The creaminess of Mulligan's Guinness was unsurpassed, and all of the things that people dislike about Guinness were just not there: the bitter bite, the funny flavor, the complaints from the stomach after you swallow. Here was Guinness as it is meant to be, with a harmonious, pleasing flavor. And if you drink it very slowly, you will enjoy it even more.

Also, the better Guinness takes time to draw. If you see a bartender draw your pint in one motion, you will know, even without tasting it, that it does not represent the acme of tasting pleasure. Good Guinness takes three, or at least two, trips to the tap, plus intervals of rest in between. The first time, the pint glass is filled by a whitish substance that immediately begins falling in the glass, falling from the bottom to the top. The whitish substance turns atom by atom into a brown liquid that falls. After ten or twelve minutes or more, the glass is nearly full of liquid, but there is too much head. The bartender knocks part of the foam off, then fills the glass to the top. He may or may not have to do this a second time. In either case, when the glass is set before you, there is still some settling going on. If you watch carefully, just after all the settling seems to have stopped, the Guinness very abruptly turns black. Now it is ready to drink.

If you drink it very slowly, in small sips, you will notice many aspects of physical enjoyment that are quite interesting. Take one small sip. Wait, and listen to your body. Take another small sip. Wait, and listen again. You will find, if you do this through an entire pint, that there is some sort of settling or diffusion that takes place inside your two-legged pint that is analogous to what happened in the glass.

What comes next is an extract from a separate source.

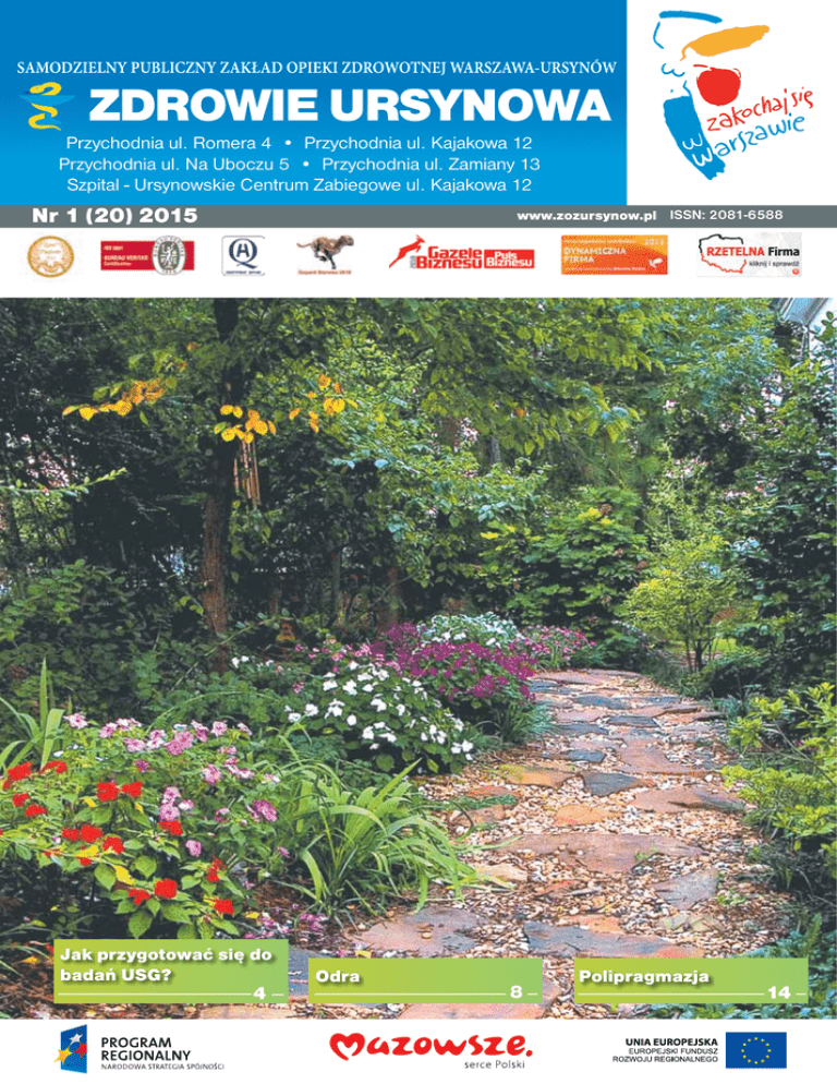 ZDROWIE URSYNOWA Przychodnia ul. Romera 4 • Przychodnia ul. Kajakowa 12 Przychodnia ul. Na Uboczu 5 • Przychodnia ul. Zamiany 13 Szpital - Ursynowskie Centrum Zabiegowe ul. Kajakowa 12 Nr 1 (20) 2015 www.zozursynow.pl ISSN: 2081-6588 Jak przygotować się do badań USG? 4 Odra 8 Polipragmazja 14 Drodzy Czytelnicy, Przyśpieszona wiosna spowodowała liczne infekcje górnych dróg oddechowych i zachorowań grypopodobnych. Dla alergików jest to również czas szczególnie trudny ze względu na wczesne pylenie. W wydaniu tego kwartalnika znajdziecie Państwo kilka ciekawych artykułów, które mogą wiele wyjaśnić, zwłaszcza jeżeli chodzi o nadmierne zażywanie suplementów diety. Jeżeli stwierdzimy, że dzieje się coś niepokojącego z naszym organizmem, skontaktujmy się jednak z lekarzem. Pamiętajmy, że suplement diety nie zastąpi naszego codziennego, zrównoważonego odżywiania. Kwiecień to szczególny czas, aby złożyć wszystkim Pracownikom Ochrony Zdrowia życzenia wytrwałości w niesieniu pomocy potrzebującym. W szczególności z okazji Świąt Zmartwychwstania Pańskiego życzę wszystkim siły w pokonywaniu trudności i patrzenia z ufnością w przyszłość. Niech czas nadchodzących Świąt będzie radosny w gronie najbliższych. mgr Grażyna Napierska Dyrektor SPZOZ Warszawa-Ursynów Spis treści Kwartalnik bezpłatny: 5000 egz. ISSN: 2081-6588 Jak przygotować się do badań USG? 4 Zdrowe stopy 6 Odra 8 ABC Fizjoterapii. Fizjoterapia Wydawca: SPZOZ Warszawa-Ursynów ul. Zamiany 13, 02-786 Warszawa, tel. 22 643 74 44 www.zozursynow.pl Redaktor Naczelna: Anna Dymińska, tel. 22 643 74 44 wew. 65, [email protected] Zespół redakcyjny: Grażyna Napierska, Magdalena Fekete, Barbara Lasota, Marek Kruk, Magdalena Mrozowska, e-mail: [email protected] 10 Korekta: Maria Kałuża Skład i druk: Galia Reklama Poligrafia Zdjęcia: Redakcja, archiwum, www.sxc.hu, pixabay.com Olszewska 12 Redakcja nie ponosi odpowiedzialności za treść zamieszczonych reklam, zastrzega sobie prawo do redagowania i skracania nadesłanych tekstów. Redakcja nie zwraca materiałów niezamówionych. Polipragmazja 14 „Zdrowie Ursynowa” nie zastępuje indywidualnego kontaktu z lekarzem. Przed skorzystaniem z porad należy się skonsultować z lekarzem. w nietrzymaniu moczu Portret prywatny – Karolina ZDROWIE URSYNOWA 3 Jak przygotować się do badań USG? Niezmiernie istotne jest zastosowanie się do poniższych zaleceń, w przeciwnym razie badanie może być znacznie utrudnione, ograniczone lub niemożliwe do przeprowadzenia! Przygotowujemy się zgodnie z aktualnym rodzajem badania zleconym przez lekarza, a nie z rozpoznaniem – np. przy kamicy nerkowej lub przeroście prostaty może być zlecone USG jamy brzusznej i do niego należy się przygotować. USG pęcherza moczowego i prostaty Należy wypełnić pęcherz, wypijając około 1 l płynów na godzinę przed badaniem, tak aby w momencie badania pęcherz moczowy był dobrze wypełniony (uczucie silnego parcia). USG jamy brzusznej W ramach przygotowań należy koniecznie przestrzegać poniższych zaleceń: – nie jeść sześć godzin przed badaniem, – nie pić, zwłaszcza płynów słodkich czy gazowanych, – stałe leki należy przyjąć, popijając niewielką ilością wody, – nie palić tytoniu i nie żuć gumy (powoduje to mimowolne połykanie większej ilości powietrza), – pacjenci chorujący na cukrzycę insulinozależną powinni się umawiać na badanie w godzinach porannych lub jeśli to nie jest możliwe, przyjąć insulinę i posiłek mniej więcej 5 godzin przed badaniem. Niezmiernie istotne jest, aby do każdego badania USG przynosić wyniki poprzednich badań USG danego narządu lub regionu oraz inne, jak tomografia komputerowa, rezonans magnetyczny, mammografia itp., a także dokumentację pooperacyjną i wyniki badań histopatologicznych w wypadku przebytych biopsji lub operacji guzów i zmian ogniskowych. lek. Rafał Ubysz radiolog SPZOZ Warszawa-Ursynów O G Ł O S Z E N I E Zapraszamy na szczepienia przeciw pneumokokom w ramach programu profilaktycznego „Zdrowie, Mama i Ja, etap II” finansowanego ze środków miasta stołecznego Warszawy Program profilaktyki zakażeń pneumokokowych u dzieci w wieku od 24 do 36 miesiąca życia, zamieszkałych na terenie Warszawy, przy zastosowaniu trzynastowalentnej (PCV 13) szczepionki przeciwko pneumokokom. Więcej informacji w poradniach pediatrycznych: • ul. Na Uboczu 5, tel. 22 649 65 03 • ul. Romera 4, tel. 22 643 04 98 • ul. Kajakowa 12, tel. 22 855 47 37 4 ZDROWIE URSYNOWA O G Ł O S Z E N I E ZDROWIE URSYNOWA 5 Zdrowe stopy Z punktu widzenia dermatologa zdrowe stopy to zdrowa skóra, a przede wszystkim paznokcie. Odpowiednie nawilżenie skóry stóp i niezmienione chorobowo paznokcie to podstawa, aby stopy stanowiły ozdobę człowieka, czyli były ładne, estetyczne i nie wymagały bez potrzeby zakrywania obuwiem. Podstawy anatomiczne i fizjopatologiczne wymagają kilkudziesięciu stron opisu, co w tym przesłaniu mija się z celem, więc poprzestańmy na kilku zdaniach istotnych dla idei artykułu. Paznokcie zdrowe rosną około 1 cm na dobę, chore dwa razy dłużej lub w ogóle nie rosną. Niektóre choroby, np. łuszczyca, przyśpieszają wzrost paznokci, a niektóre spowalniają, np. liszaj Wilsona. Płytki paznokciowe są przepuszczalne dla światła, przechodzi przez nie ok. 20% światła słonecznego. Naskórkowa utrata wody przez płytkę paznokciową jest wielokrotnie większa niż przez otaczającą skórę. Kształt paznokci jest zróżnicowany i zależy od budowy kostnej paliczka dystalnego. Powierzchnia jest lekko wypu- 6 ZDROWIE URSYNOWA kła, a grubość płytki zależy od „pracy” paznokci (np. chodzenia, biegania, kopania piłki itp.) oraz od sporadycznych urazów mechanicznych. U osób starszych na zdrowych paznokciach występują podłużne bruzdy, co jest zmianą fizjologiczną. Wszelkie urazy i zmiany chorobowe podpaznokciowe s

Three Questions of Ireland

One thing I had to do before we left Ireland was to ask three questions I was unable to resolve on my own:

1. Why are bars divided into two rooms? Nearly every bar has a door into which the bartender periodically disappears, and if you peak through the door, you'll see another bar on the other side, with its set of taps and bottles, and people drinking and eating and carrying on, just like you are.

2. Why is it that the worst and slowest drivers in Ireland all have a red "L" plastered on their back window? I had begun to wonder whether there was a society called the Low-Gear Solidarity, a group of people who'd undertaken a solemn vow to never go above second gear.

3. What is the difference between Coffee Black and Coffee White? When someone would ask, "Would you like coffee black?" and you reply, "No, I'd like a little cream," they would pause and say, "Do you want coffee white, or coffee black with milk in it?" or "Do you mind putting the milk in yourself?"

It turns out, to answer question no. 2 first, that the worst drivers generally do have a red L in the window because it stands for Learner. Some have more to learn than others. The incredible thing is that there are so many of them. I think we must have seen at least ten a day, and it was never a happy encounter. The traffic would be slow, and sure enough, one of the Red-L League would be at the root of it, driving at the head of ten or more cars and trucks on a narrow road. God bless them all.

The pubs are divided into two parts: a saloon, or bar - I forget the word - and a lounge. Traditionally, ladies would not enter a saloon unless their sense of morals enjoyed a bit of variety. The lounge is usually a nicer and better appointed space, and hopefully one in which a drink can be taken without sullying one's reputation.

Coffee black is ordinary coffee, and you can add whatever you like to it: milk, sugar, cream of tartar... Coffee white is coffee made with a 50/50 mixture of milk and water instead of simply water. Coffee is a rare enough item anyhow in the countryside. I remember vividly one morning spent mainly in trying to find coffee. Tea is usually taken. It's good tea, and some people do make it strong enough to satisfy the coffee urge, but tea is tea. In Dublin, however, it is easy to find good coffee. I recommend Rombout's, when it's available. But if you are driving around the island, and you cannot start your day without coffee, you may want to carry a percolator with you.